======== Extracted entries

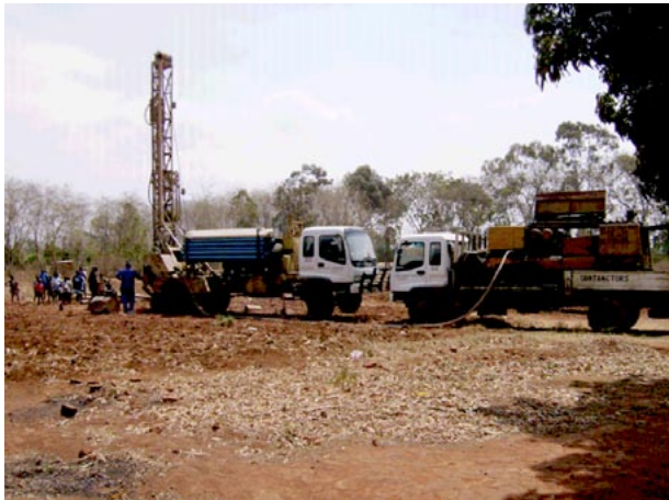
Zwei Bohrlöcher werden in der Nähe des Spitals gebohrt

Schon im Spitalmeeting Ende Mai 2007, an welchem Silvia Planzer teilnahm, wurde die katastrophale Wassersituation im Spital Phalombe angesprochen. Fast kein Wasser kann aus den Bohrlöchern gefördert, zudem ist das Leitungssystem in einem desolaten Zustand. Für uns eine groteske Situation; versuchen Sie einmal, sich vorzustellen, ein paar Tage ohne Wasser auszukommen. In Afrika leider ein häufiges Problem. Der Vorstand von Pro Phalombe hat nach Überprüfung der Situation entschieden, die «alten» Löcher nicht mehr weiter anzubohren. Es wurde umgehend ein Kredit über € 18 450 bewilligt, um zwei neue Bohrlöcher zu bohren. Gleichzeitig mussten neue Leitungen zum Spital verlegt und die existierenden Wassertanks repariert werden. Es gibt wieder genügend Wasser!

================
======== Extracted entries

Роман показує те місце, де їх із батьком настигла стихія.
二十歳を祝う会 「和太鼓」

================

#### [Exercise details]
Report how many lines in the listing above contain the string "Bohrlöcher", giving the number alone.

#### [Solution to this task]
2